=== Collected data ===
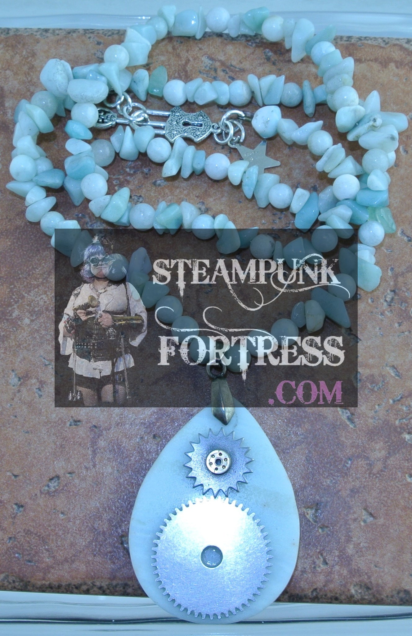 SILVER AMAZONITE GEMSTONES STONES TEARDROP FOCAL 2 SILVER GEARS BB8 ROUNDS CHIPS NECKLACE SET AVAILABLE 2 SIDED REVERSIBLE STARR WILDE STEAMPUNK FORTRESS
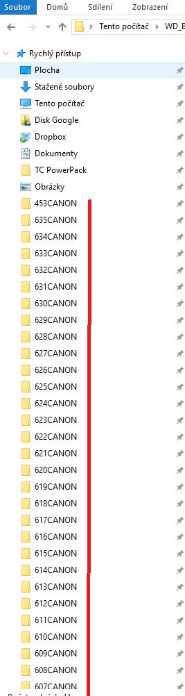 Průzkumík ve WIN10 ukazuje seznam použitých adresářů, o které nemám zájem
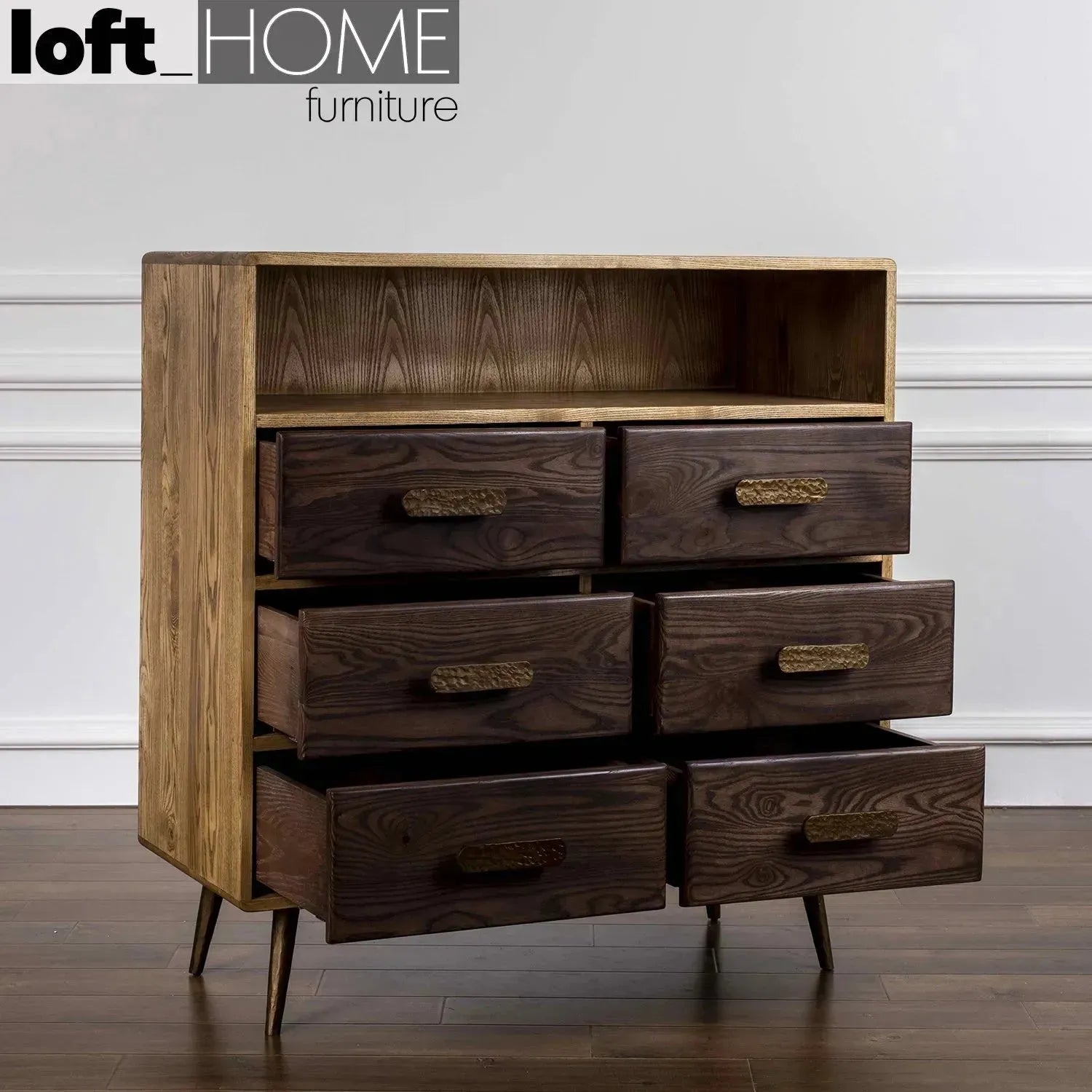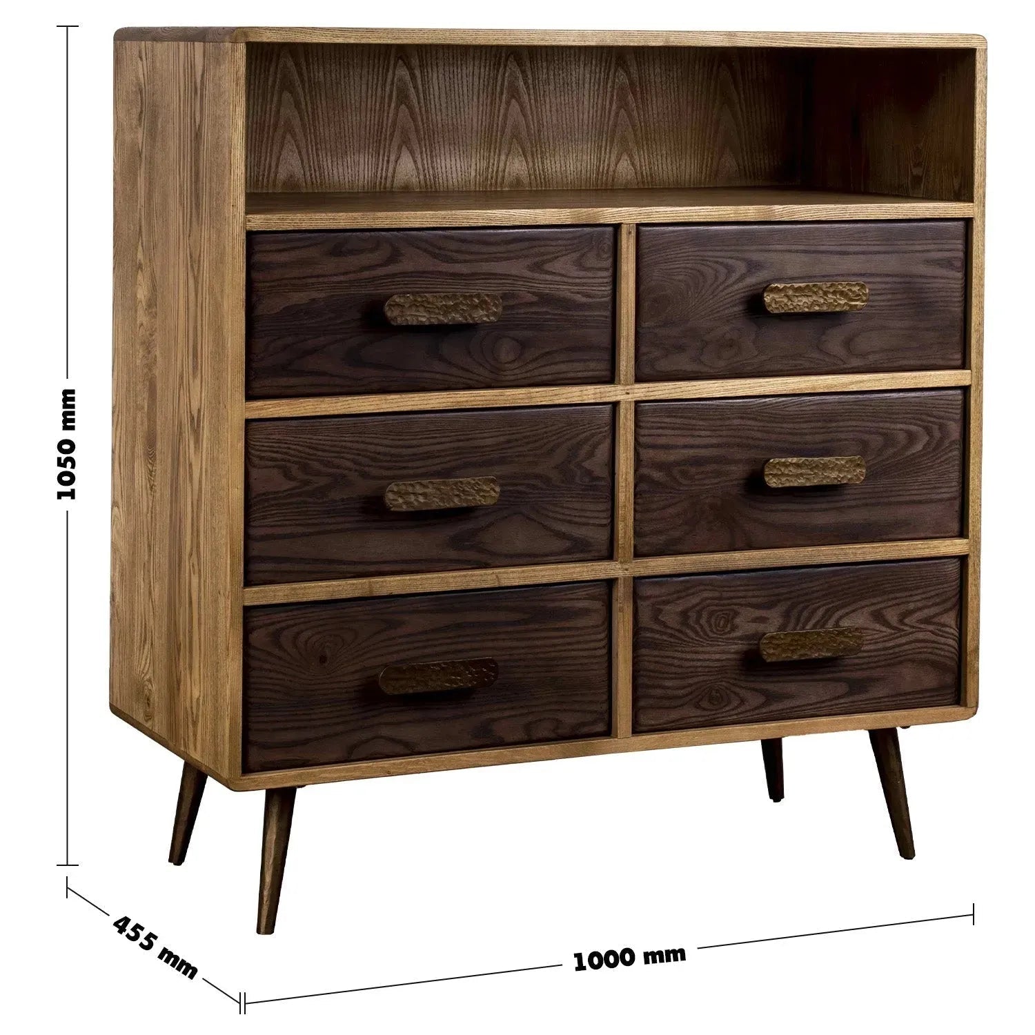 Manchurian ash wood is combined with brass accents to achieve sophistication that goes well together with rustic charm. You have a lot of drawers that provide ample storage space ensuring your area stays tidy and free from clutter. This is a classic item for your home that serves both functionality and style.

=== Your goal ===
Exact reproduction is required. Output only the lines from the one with "Průzkumík ve WIN10" through the end of the listing above, both ends included, and no pictures.

=== Result of this exercise ===
 Průzkumík ve WIN10 ukazuje seznam použitých adresářů, o které nemám zájem
 Manchurian ash wood is combined with brass accents to achieve sophistication that goes well together with rustic charm. You have a lot of drawers that provide ample storage space ensuring your area stays tidy and free from clutter. This is a classic item for your home that serves both functionality and style.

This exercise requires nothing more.